**SUPPLIED INFORMATION**:

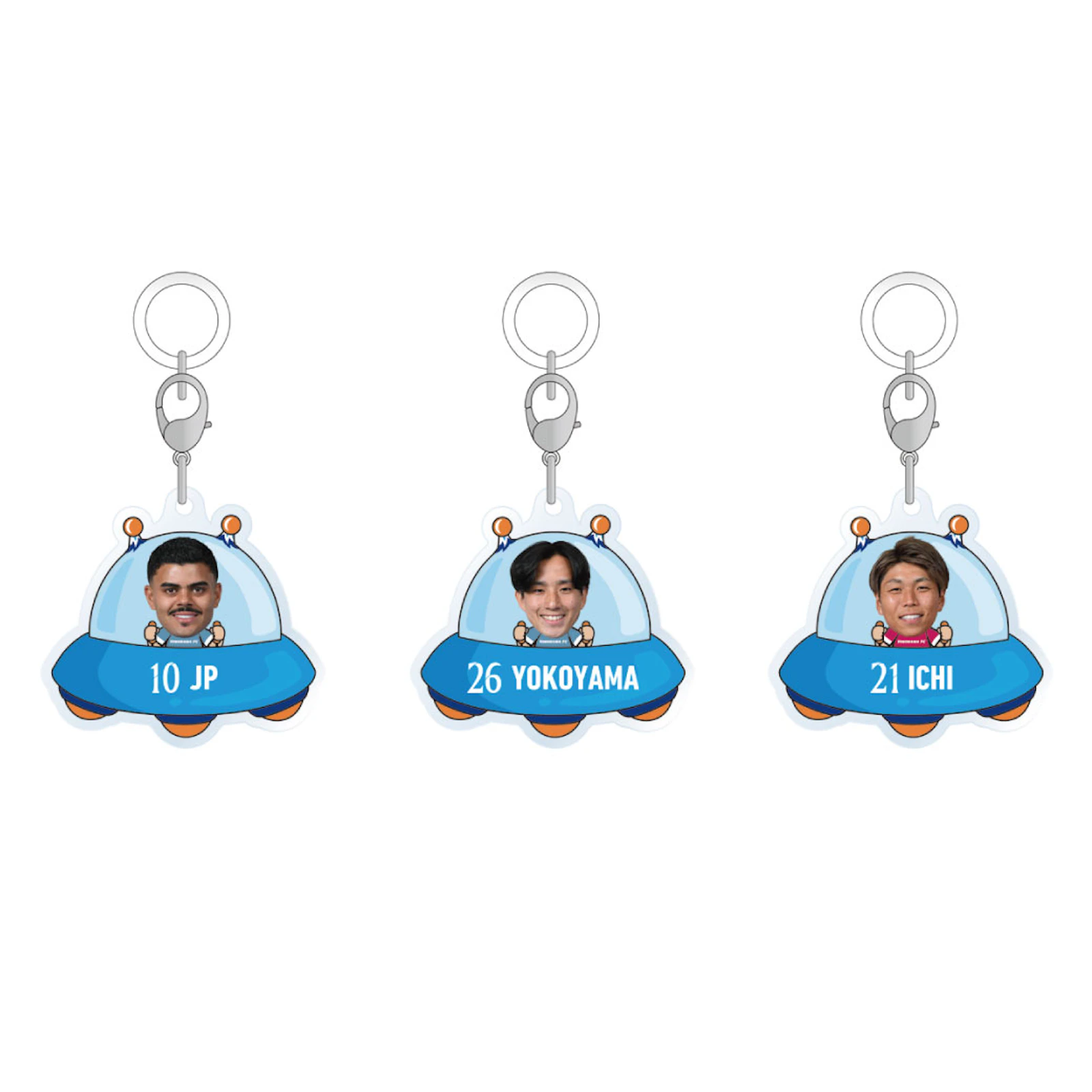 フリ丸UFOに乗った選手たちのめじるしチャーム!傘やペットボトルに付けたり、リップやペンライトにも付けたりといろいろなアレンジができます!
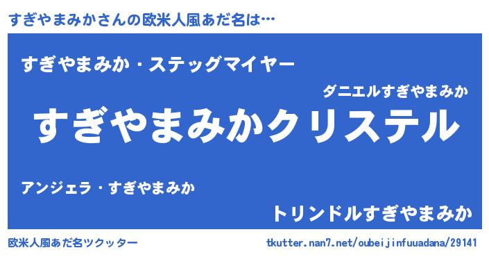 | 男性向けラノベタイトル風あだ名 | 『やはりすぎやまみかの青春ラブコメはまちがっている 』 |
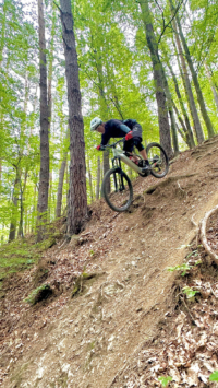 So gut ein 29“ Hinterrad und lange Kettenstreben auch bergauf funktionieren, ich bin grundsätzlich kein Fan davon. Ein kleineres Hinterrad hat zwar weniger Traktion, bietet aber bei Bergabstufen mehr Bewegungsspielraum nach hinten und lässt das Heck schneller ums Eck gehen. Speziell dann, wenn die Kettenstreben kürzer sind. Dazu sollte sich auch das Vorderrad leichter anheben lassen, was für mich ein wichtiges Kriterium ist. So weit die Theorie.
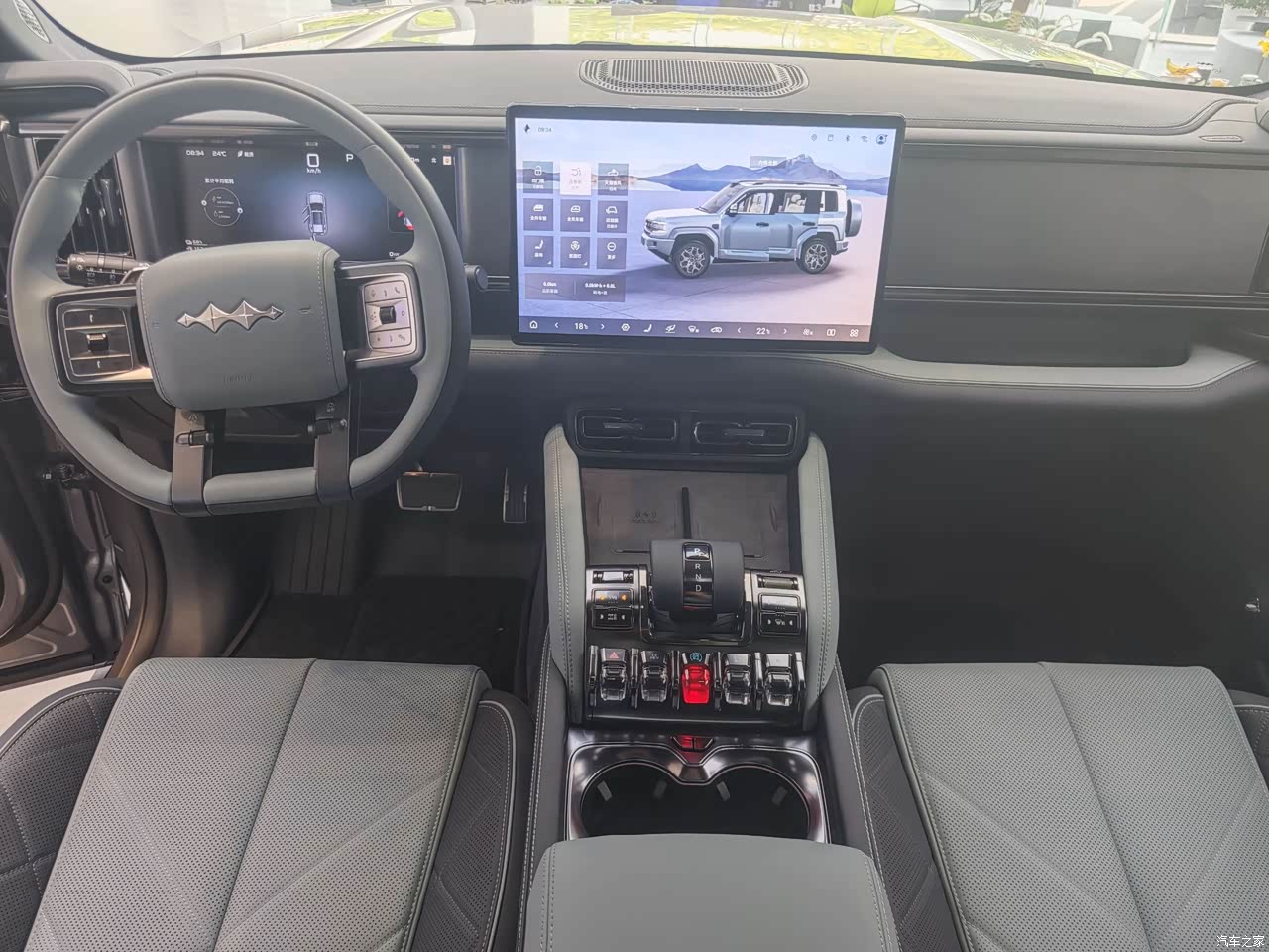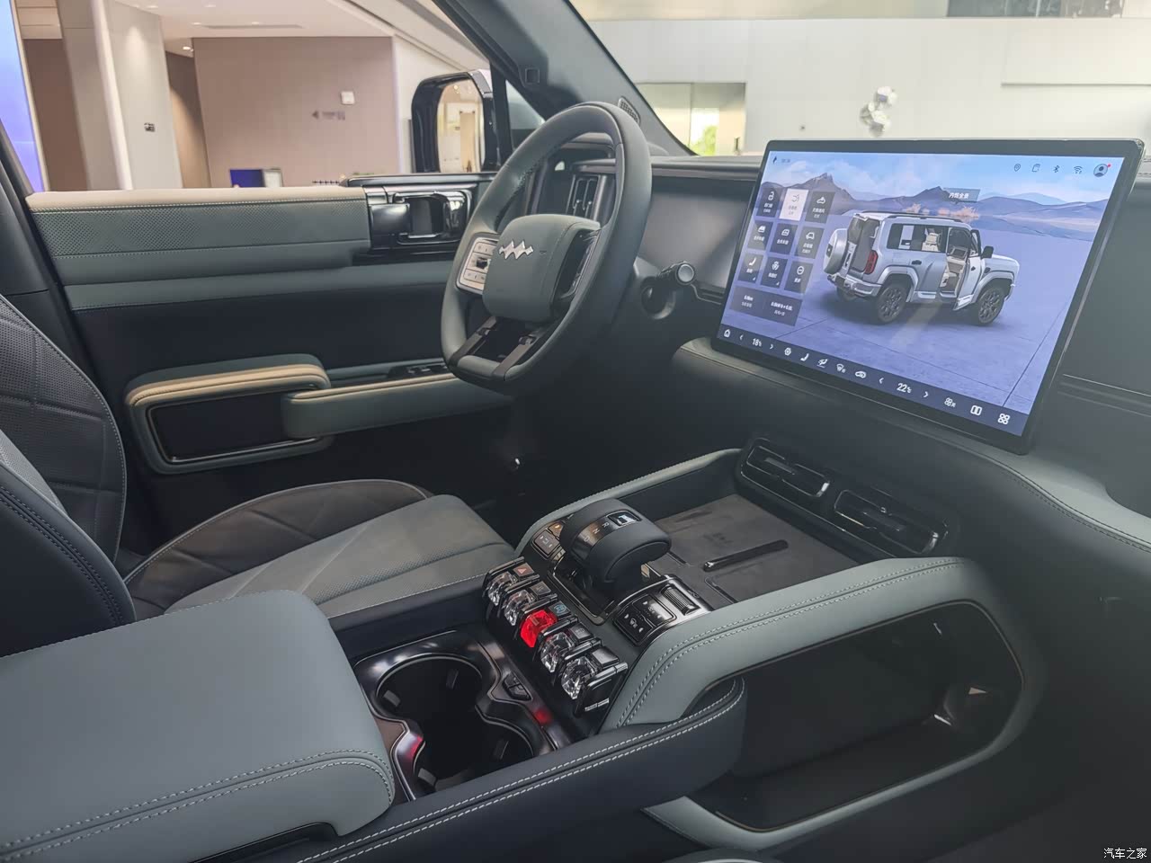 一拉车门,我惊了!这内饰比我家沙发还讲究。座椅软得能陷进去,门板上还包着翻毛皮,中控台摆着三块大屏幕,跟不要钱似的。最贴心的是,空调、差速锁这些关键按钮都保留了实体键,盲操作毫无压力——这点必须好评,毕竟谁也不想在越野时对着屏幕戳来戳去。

* * *

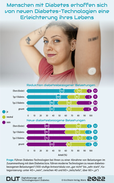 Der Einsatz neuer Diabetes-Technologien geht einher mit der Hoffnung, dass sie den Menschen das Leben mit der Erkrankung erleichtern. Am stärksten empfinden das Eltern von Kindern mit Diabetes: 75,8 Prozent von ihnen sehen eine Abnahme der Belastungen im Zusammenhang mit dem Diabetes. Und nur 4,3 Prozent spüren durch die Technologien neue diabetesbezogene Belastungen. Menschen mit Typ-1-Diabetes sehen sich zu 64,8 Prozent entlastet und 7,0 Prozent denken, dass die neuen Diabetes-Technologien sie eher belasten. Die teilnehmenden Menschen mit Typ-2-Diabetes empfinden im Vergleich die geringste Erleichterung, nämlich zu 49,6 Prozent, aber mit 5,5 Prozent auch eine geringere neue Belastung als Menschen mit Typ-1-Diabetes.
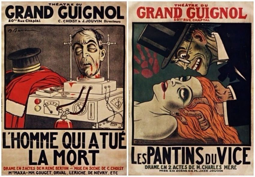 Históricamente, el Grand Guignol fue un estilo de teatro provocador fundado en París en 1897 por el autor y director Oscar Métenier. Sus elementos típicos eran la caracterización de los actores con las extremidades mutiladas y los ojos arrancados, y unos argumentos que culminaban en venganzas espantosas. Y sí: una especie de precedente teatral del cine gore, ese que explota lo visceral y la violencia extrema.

**THE PROBLEM**: In the records above, copy exactly everything from the line that has "フリ丸UFOに乗った選手たち" down to the line that has "男性向けラノベタイトル風あだ名 | 『やはりすぎやまみかの青春ラブコメはまちがっている 』 |", both ends included, and leave out the pictures.

**SOLUTION TO THIS EXERCISE**:
 フリ丸UFOに乗った選手たちのめじるしチャーム!傘やペットボトルに付けたり、リップやペンライトにも付けたりといろいろなアレンジができます!
 | 男性向けラノベタイトル風あだ名 | 『やはりすぎやまみかの青春ラブコメはまちがっている 』 |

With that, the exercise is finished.